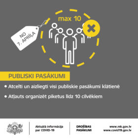 Arī pēc Lieldienām gan privāti, gan publiski pasākumi būs aizliegti. Tomēr no 7. aprīļa klātienē drīkstēs organizēt gājienus un piketus ārpus telpām līdz 10 personām, ievērojot epidemioloģiskās drošības pasākumus. Savukārt privāti ārpus telpām drīkstēs tikties divas mājsaimniecības (līdz 10 cilvēkiem). Spēkā saglabāsies līdzšinējā norma, ka bērēs un neatliekamu kristību ceremonijā atļauts pulcēties līdz desmit cilvēkiem no divām mājsaimniecībām, ievērojot distanci no apkārtējiem un lietojot mutes un deguna aizsegu.
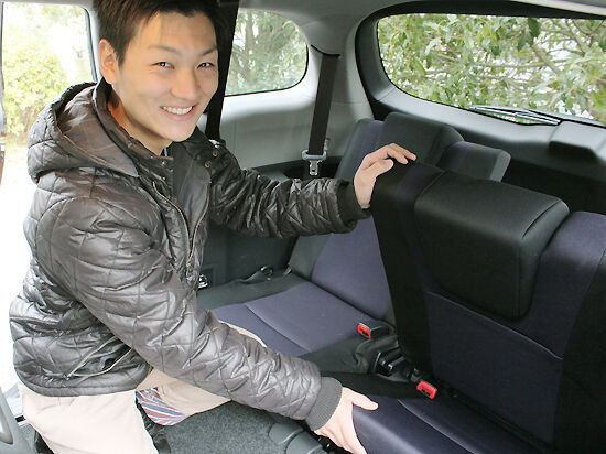 「WISH」のシートは、スライドし放題!セカンドシートは、前へ後ろへスライドし、サードシートは左右独立してリクライニングが可能です。大きな荷物を載せたい時は、すべてのシートを倒せば、フラット空間が出現☆
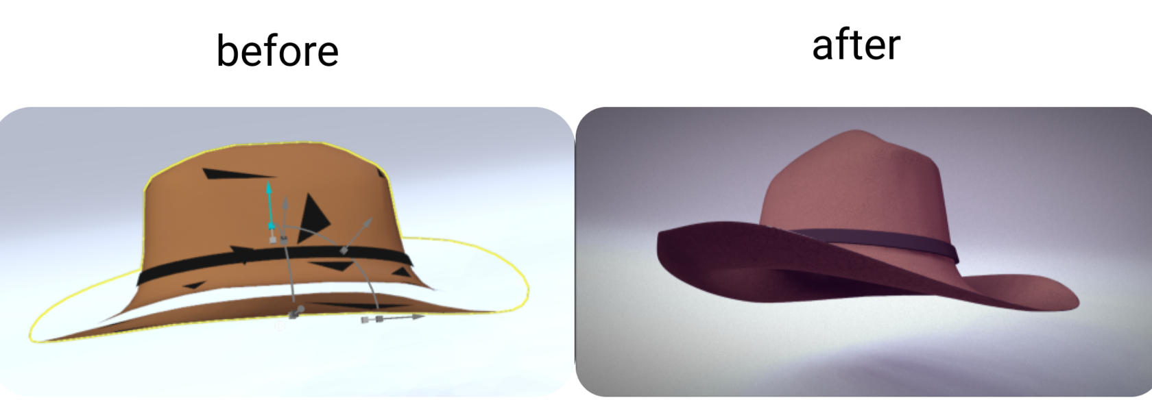 На этом снимке видно, что 3D модель не имеет толщины, видно сквозь ободок шляпы, потому что «двусторонние материалы» отключены. Также артефакты, черные треугольники, мешают рендерингу (отдельные лица). На следующем этапе я свариваю их и делаю на четыре части.
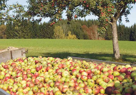 1. Die Voraussetzung für guten Essig ist qualitätsvolles Obst. Gute Witterung und Pflegemaßnahmen sind dafür entscheidend. Die Essigmacherinnen (siehe Artikel rechts) zeigen, wie wertvoller Apfelessig entsteht. (Fotos: Frau Köppl, Die Essigmacherinnen)
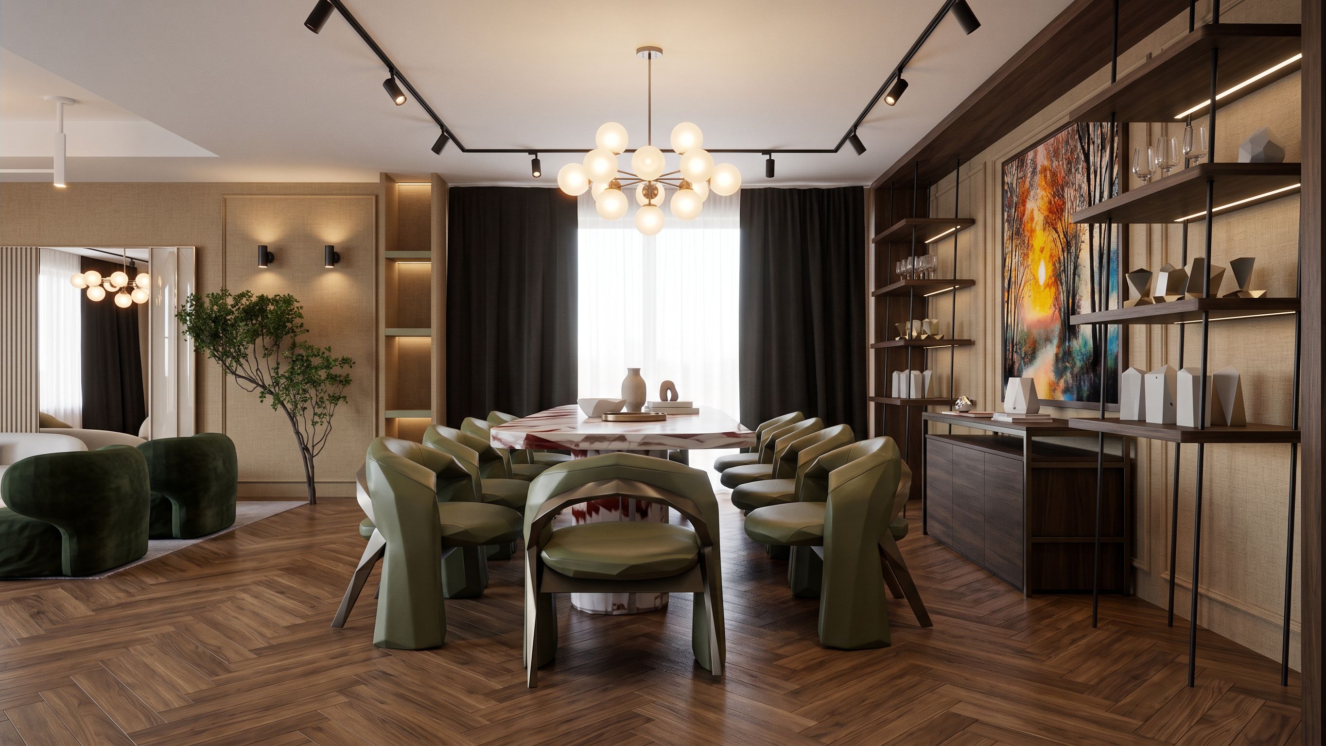 Ultra-realistic modern dining room, soft contemporary luxury style, warm neutral palette with earthy accents. Dining table with thick slab top in polished white marble featuring strong red/burgundy veining, slightly rounded edges, supported by sculptural marble legs. Dining chairs with curved backrests, upholstered in smooth olive green leather, matte finish, with dark bronze/brushed metal frames. Floor finished in natural wood parquet in herringbone pattern, medium walnut tone with subtle matte reflection. Back wall with textured fabric or micro-textured wallpaper in warm beige tone, framed with minimal wall moldings. Floating shelves in dark stained wood with slim black metal supports, styled with glassware, ceramic vases, and minimal decorative objects. Large central mirror with thin metallic frame reflecting the chandelier and adding depth to the space. Lighting: Statement chandelier with multiple frosted glass globe bulbs, warm 2700K–3000K, soft diffused glow. Ceiling track lights in matte black with adjustable spotlights, subtle accent lighting. Natural daylight entering from large window with sheer white curtains, soft and diffused, balanced exposure. Soft indirect ambient lighting, no harsh shadows, realistic light falloff. 🪴 DECOR & REALISM DETAILS very important Dining table styling: Minimal centerpiece with ceramic vase, small sculptural object, stacked books, and tray. Add subtle imperfections: fingerprints on marble gloss, micro scratches, fabric creases on chairs. Shelves styling: Mix of transparent glassware, matte ceramics, and metallic accents. Add slight randomness not perfectly aligned. Extra realism: Soft shadows under chairs and table Accurate reflections in mirror and marble Ambient occlusion in corners Slight dust and natural variation in materials 🎥 CAMERA & RENDER SETTINGS Eye-level shot, centered composition Lens: 35mm for natural perspective Photorealistic, global illumination, ray tracing High dynamic range, soft contrast 8K resolution, ultra-detailed textures. “same materials, same lighting setup, same scene, different camera angles only” side angle from chair level close-up on marble table perspective focusing on shelves shot through foreground cinematic depth, keep exact camera angle
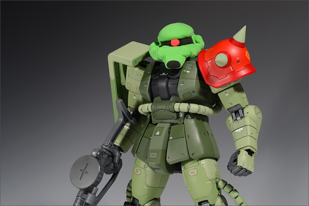 1/48 메가자쿠의 머리를 유치원생 아들녀석에게 클레이로 만들어 달라고 해서 사진과 같은 모습으로 전시회에 출품했습니다.
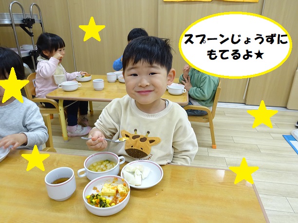 入園当初はスプーンを持つことも難しかった子どもたちですが、今ではしっかりと自分で持って給食を食べることができるようになりました✨
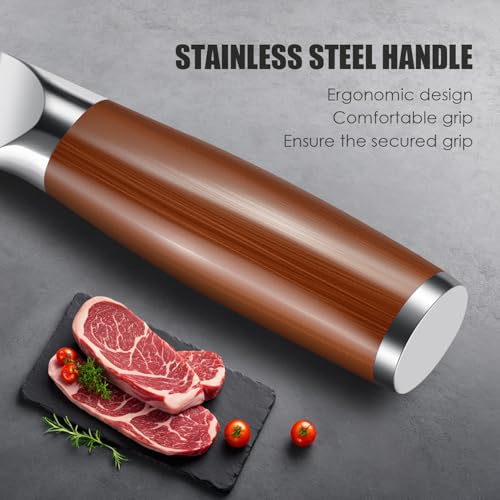 - 【Ergonomic Stainless steel Handle】The comfortable handles made of stainless steel. And the ergonomic Stainless steel design ensures perfect balance and a comfortable grip, relieve finger fatigue, making these knives ideal for both professional chefs and hobby cooks.
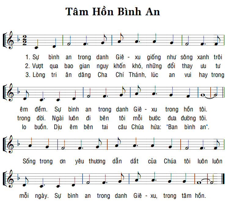 1. Sự bình an trong danh Giê-xu giống như sông xanh trôi êm đềm. Sự bình an trong danh Giê-xu trong hồn tôi. Sống trong ơn yêu thương dẫn dắt của Chúa tôi luôn luôn mỗi ngày. Sự bình an trong danh Giê-xu, trong tâm hồn. 2. Vượt qua bao gian nguy khốn khó, những đổi thay ưu tư trong đời. Ngài luôn đi bên tôi mỗi bước đưa đường tôi. Sống trong ơn yêu thương dẫn dắt của Chúa tôi luôn luôn mỗi ngày. Sự bình an trong danh Giê-xu, trong tâm hồn. 3. Lòng tri ân dâng Cha Chí Thánh, lúc an vui hay trong lo buồn. Dịu êm bên tai câu Chúa hứa: "Ban bình an". Sống trong ơn yêu thương dẫn dắt của Chúa tôi luôn luôn mỗi ngày. Sự bình an trong danh Giê-xu, trong tâm hồn.
_ _ _
**WORK INSTRUCTION**. Reproduce the data exactly, please, and omit its pictures.

**OUTPUT BELOW**.
 Arī pēc Lieldienām gan privāti, gan publiski pasākumi būs aizliegti. Tomēr no 7. aprīļa klātienē drīkstēs organizēt gājienus un piketus ārpus telpām līdz 10 personām, ievērojot epidemioloģiskās drošības pasākumus. Savukārt privāti ārpus telpām drīkstēs tikties divas mājsaimniecības (līdz 10 cilvēkiem). Spēkā saglabāsies līdzšinējā norma, ka bērēs un neatliekamu kristību ceremonijā atļauts pulcēties līdz desmit cilvēkiem no divām mājsaimniecībām, ievērojot distanci no apkārtējiem un lietojot mutes un deguna aizsegu.
 「WISH」のシートは、スライドし放題!セカンドシートは、前へ後ろへスライドし、サードシートは左右独立してリクライニングが可能です。大きな荷物を載せたい時は、すべてのシートを倒せば、フラット空間が出現☆
 На этом снимке видно, что 3D модель не имеет толщины, видно сквозь ободок шляпы, потому что «двусторонние материалы» отключены. Также артефакты, черные треугольники, мешают рендерингу (отдельные лица). На следующем этапе я свариваю их и делаю на четыре части.
 1. Die Voraussetzung für guten Essig ist qualitätsvolles Obst. Gute Witterung und Pflegemaßnahmen sind dafür entscheidend. Die Essigmacherinnen (siehe Artikel rechts) zeigen, wie wertvoller Apfelessig entsteht. (Fotos: Frau Köppl, Die Essigmacherinnen)
 Ultra-realistic modern dining room, soft contemporary luxury style, warm neutral palette with earthy accents. Dining table with thick slab top in polished white marble featuring strong red/burgundy veining, slightly rounded edges, supported by sculptural marble legs. Dining chairs with curved backrests, upholstered in smooth olive green leather, matte finish, with dark bronze/brushed metal frames. Floor finished in natural wood parquet in herringbone pattern, medium walnut tone with subtle matte reflection. Back wall with textured fabric or micro-textured wallpaper in warm beige tone, framed with minimal wall moldings. Floating shelves in dark stained wood with slim black metal supports, styled with glassware, ceramic vases, and minimal decorative objects. Large central mirror with thin metallic frame reflecting the chandelier and adding depth to the space. Lighting: Statement chandelier with multiple frosted glass globe bulbs, warm 2700K–3000K, soft diffused glow. Ceiling track lights in matte black with adjustable spotlights, subtle accent lighting. Natural daylight entering from large window with sheer white curtains, soft and diffused, balanced exposure. Soft indirect ambient lighting, no harsh shadows, realistic light falloff. 🪴 DECOR & REALISM DETAILS very important Dining table styling: Minimal centerpiece with ceramic vase, small sculptural object, stacked books, and tray. Add subtle imperfections: fingerprints on marble gloss, micro scratches, fabric creases on chairs. Shelves styling: Mix of transparent glassware, matte ceramics, and metallic accents. Add slight randomness not perfectly aligned. Extra realism: Soft shadows under chairs and table Accurate reflections in mirror and marble Ambient occlusion in corners Slight dust and natural variation in materials 🎥 CAMERA & RENDER SETTINGS Eye-level shot, centered composition Lens: 35mm for natural perspective Photorealistic, global illumination, ray tracing High dynamic range, soft contrast 8K resolution, ultra-detailed textures. “same materials, same lighting setup, same scene, different camera angles only” side angle from chair level close-up on marble table perspective focusing on shelves shot through foreground cinematic depth, keep exact camera angle
 1/48 메가자쿠의 머리를 유치원생 아들녀석에게 클레이로 만들어 달라고 해서 사진과 같은 모습으로 전시회에 출품했습니다.
 入園当初はスプーンを持つことも難しかった子どもたちですが、今ではしっかりと自分で持って給食を食べることができるようになりました✨
 - 【Ergonomic Stainless steel Handle】The comfortable handles made of stainless steel. And the ergonomic Stainless steel design ensures perfect balance and a comfortable grip, relieve finger fatigue, making these knives ideal for both professional chefs and hobby cooks.
 1. Sự bình an trong danh Giê-xu giống như sông xanh trôi êm đềm. Sự bình an trong danh Giê-xu trong hồn tôi. Sống trong ơn yêu thương dẫn dắt của Chúa tôi luôn luôn mỗi ngày. Sự bình an trong danh Giê-xu, trong tâm hồn. 2. Vượt qua bao gian nguy khốn khó, những đổi thay ưu tư trong đời. Ngài luôn đi bên tôi mỗi bước đưa đường tôi. Sống trong ơn yêu thương dẫn dắt của Chúa tôi luôn luôn mỗi ngày. Sự bình an trong danh Giê-xu, trong tâm hồn. 3. Lòng tri ân dâng Cha Chí Thánh, lúc an vui hay trong lo buồn. Dịu êm bên tai câu Chúa hứa: "Ban bình an". Sống trong ơn yêu thương dẫn dắt của Chúa tôi luôn luôn mỗi ngày. Sự bình an trong danh Giê-xu, trong tâm hồn.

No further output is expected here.